* _ACTION ITEM_
What you return should be every line below, word for word, and none of the images.

* _PROVIDED DATA_
-.-.-

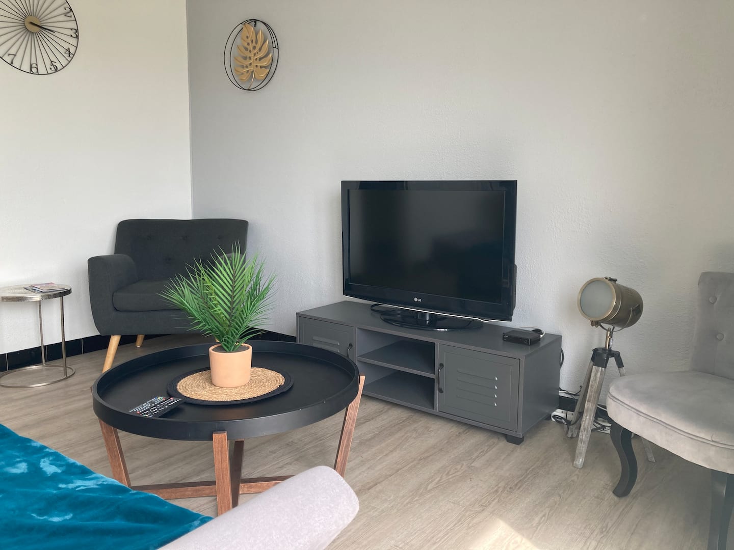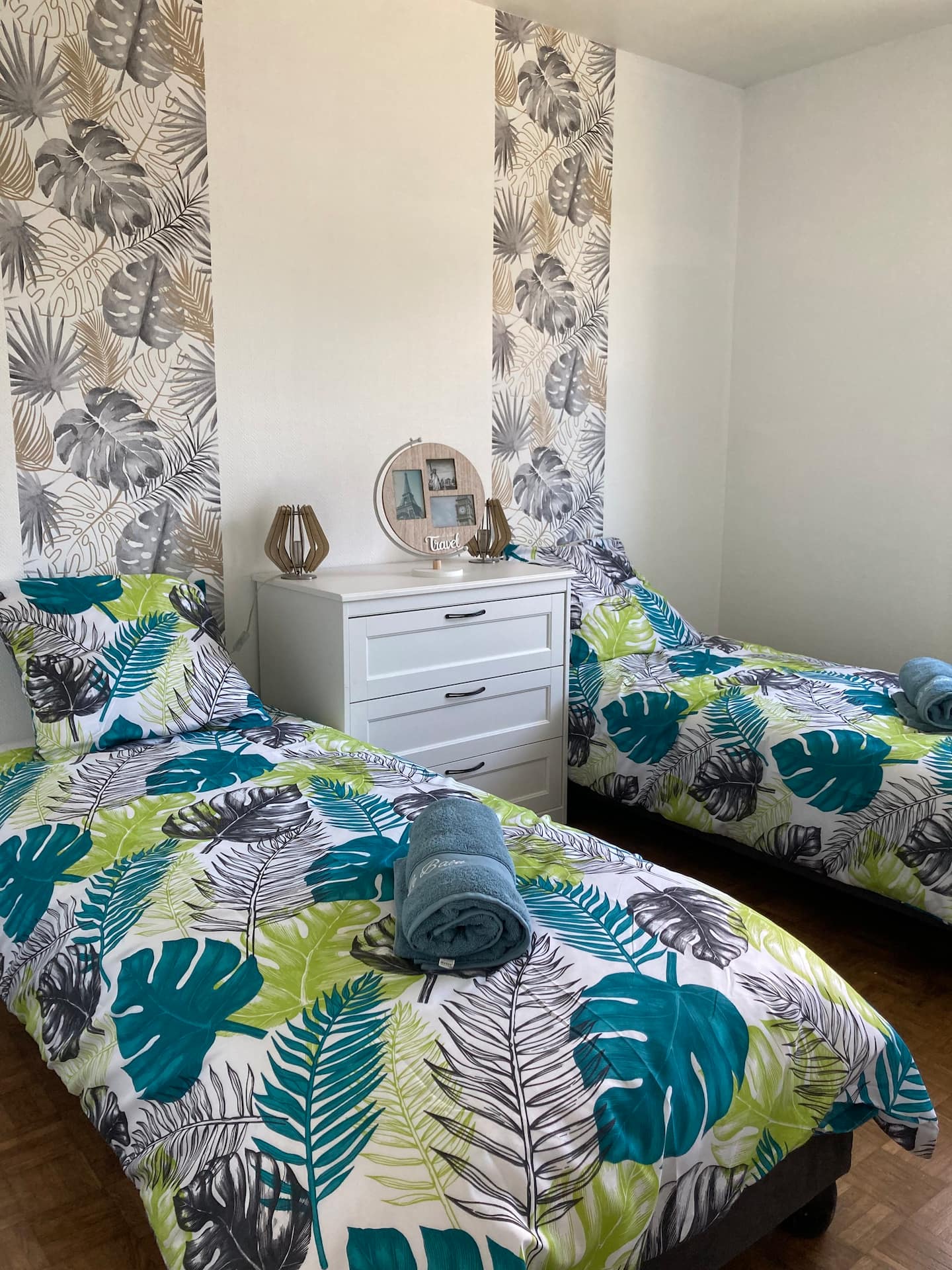 Deux chambres et un salon séjour équipé d’un canapé convertible.
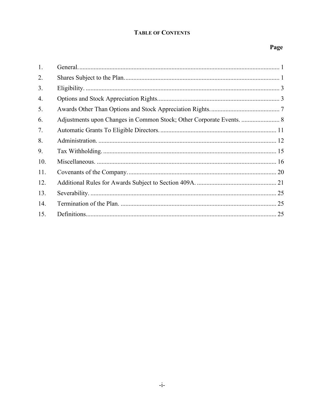TABLE OF CONTENTS Page -i- 1. General. .............................................................................................................................. 1 2. Shares Subject to the Plan. ................................................................................................. 1 3. Eligibility. .......................................................................................................................... 3 4. Options and Stock Appreciation Rights. ............................................................................ 3 5. Awards Other Than Options and Stock Appreciation Rights. ........................................... 7 6. Adjustments upon Changes in Common Stock; Other Corporate Events. ........................ 8 7. Automatic Grants To Eligible Directors. ......................................................................... 11 8. Administration. ................................................................................................................ 12 9. Tax Withholding. ............................................................................................................. 15 10. Miscellaneous. ................................................................................................................. 16 11. Covenants of the Company. ............................................................................................. 20 12. Additional Rules for Awards Subject to Section 409A. .................................................. 21 13. Severability. ..................................................................................................................... 25 14. Termination of the Plan. .................................................................................................. 25 15. Definitions........................................................................................................................ 25
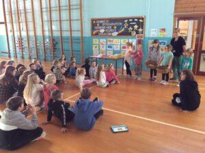 after breaktime the younger children joined us as next years primary 1’s. They all listened to the story of Inch and Grub, which is really funny. It is about two cavemen who are constantly trying to be better than each other.
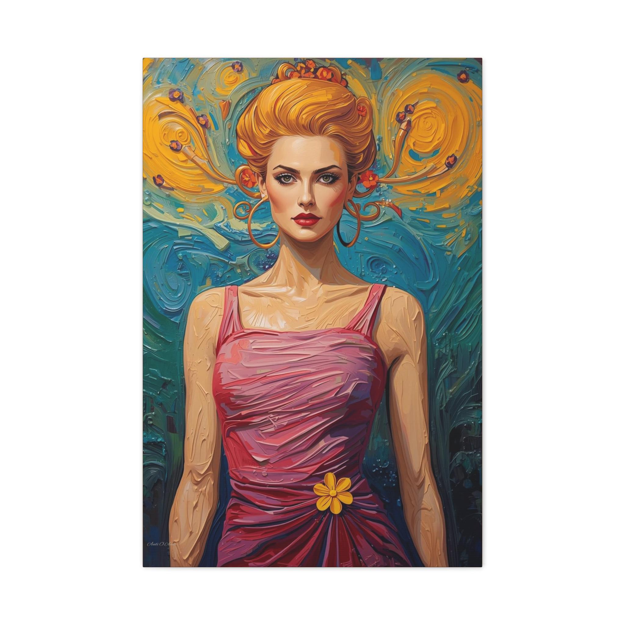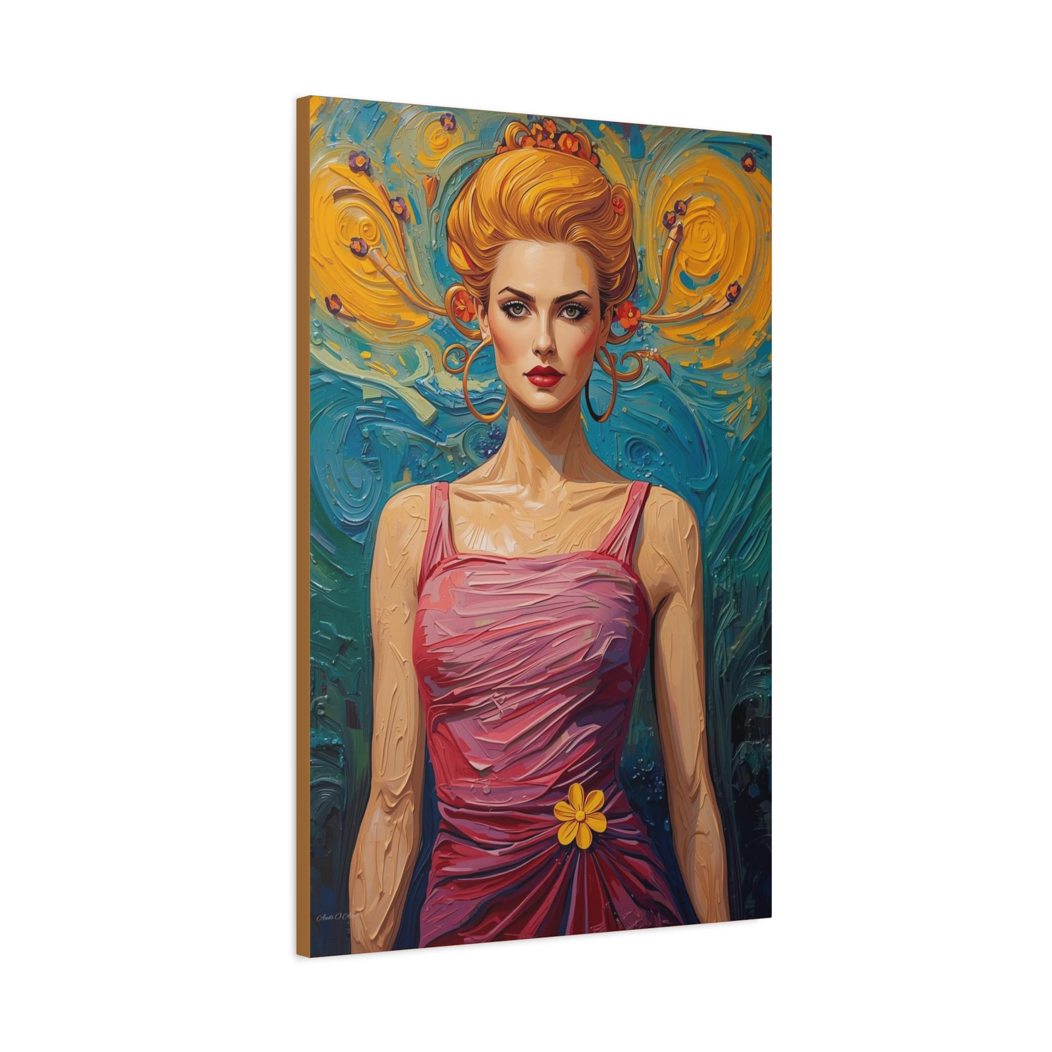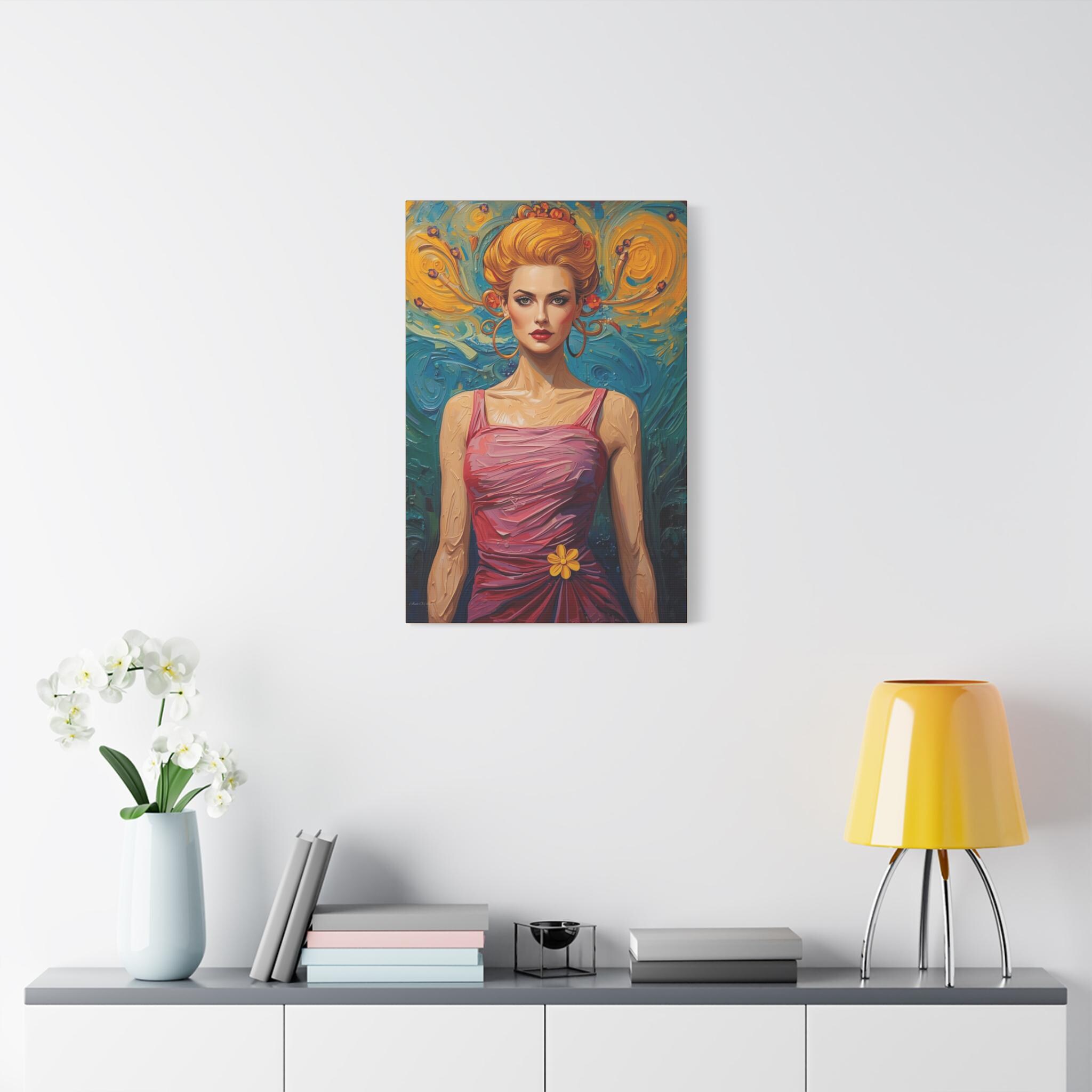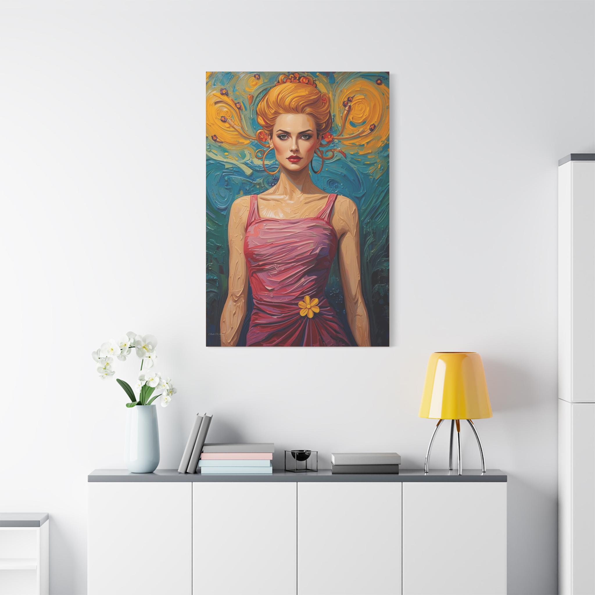 Fiori d'Oro, Retro, Portrait Woman Matte Canvas Print, Stretched Canvas, Contemporary Art, Boho Decor, Living Room Art, Office Art.

-.-.-

* _YOUR SOLUTION_
 Deux chambres et un salon séjour équipé d’un canapé convertible.
TABLE OF CONTENTS Page -i- 1. General. .............................................................................................................................. 1 2. Shares Subject to the Plan. ................................................................................................. 1 3. Eligibility. .......................................................................................................................... 3 4. Options and Stock Appreciation Rights. ............................................................................ 3 5. Awards Other Than Options and Stock Appreciation Rights. ........................................... 7 6. Adjustments upon Changes in Common Stock; Other Corporate Events. ........................ 8 7. Automatic Grants To Eligible Directors. ......................................................................... 11 8. Administration. ................................................................................................................ 12 9. Tax Withholding. ............................................................................................................. 15 10. Miscellaneous. ................................................................................................................. 16 11. Covenants of the Company. ............................................................................................. 20 12. Additional Rules for Awards Subject to Section 409A. .................................................. 21 13. Severability. ..................................................................................................................... 25 14. Termination of the Plan. .................................................................................................. 25 15. Definitions........................................................................................................................ 25
 after breaktime the younger children joined us as next years primary 1’s. They all listened to the story of Inch and Grub, which is really funny. It is about two cavemen who are constantly trying to be better than each other.
 Fiori d'Oro, Retro, Portrait Woman Matte Canvas Print, Stretched Canvas, Contemporary Art, Boho Decor, Living Room Art, Office Art.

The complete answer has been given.